This kind of issue is the reason why some more modern languages like Rust or Go do not have implicit narrowing conversions. For instance, on Rust, trying to simply pass an usize (Rust's equivalent of size_t) to a function which expects an i32 (Rust's equivalent of int) will not compile; the programmer has to write "size as i32" (Rust's equivalent of "(int) size"), which makes it explicit that it might truncate the value at that point.
(Some Rust developers argue that even "size as i32" should be avoided, and "size.try_into()" should be used instead, since it forces the programmer to treat an overflow explicitly at runtime, instead of silently wrapping.)
I thought about this very, very carefully when designing Virgil[1]'s numerical tower, which has both fixed-size signed and unsigned integers, as well as floating point.
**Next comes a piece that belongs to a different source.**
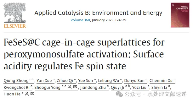 Qiang Zhong, Yan Xue, Zihao Qi, Yue Sun, Leliang Wu, Dunyu Sun, Chenmin Xu, Kwangchol Ri, Shaogui Yang, Jiandong Zhu, Qiuyi Ji, Yazi Liu, Shiyin Li, Huan He, FeSeS@C cage-in-cage superlattices for peroxymonosulfate activation: Surface acidity regulates Fe spin state, Applied Catalysis B: Environment and Energy, 2025, https://doi.org/10.1016/j.apcatb.2024.124539
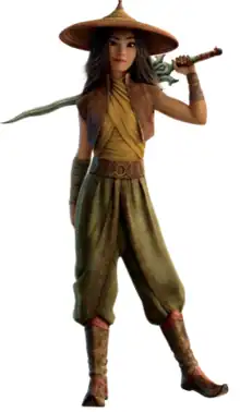 Raya is a fictional character in Walt Disney Animation Studios' animated film Raya and the Last Dragon (2021). Created by screenwriter Adele Lim, she is voiced by American actress Kelly Marie Tran.[1]

Like other new language designs, Virgil doesn't have any implicit narrowing conversions (even between float and int). Also, any conversions between numbers include range/representability checks that will throw if out-of-range or rounding occurs. If you want to reinterpret the bits, then there's an operator to view the bits. But conversions that have to do with "numbers" then all make sense in that numbers then exist on a single number line and have different representations in different types. Conversion between always preserve numbers and where they lie on the number line, whereas "view" is a bit-level operation, which generally compiles to a no-op. Unfortunately, the implications of this for floating point is that -0 is not actually an integer, so you can't cast it to an int. You must round it. But that's fine, because you always want to round floats to int, never cast them.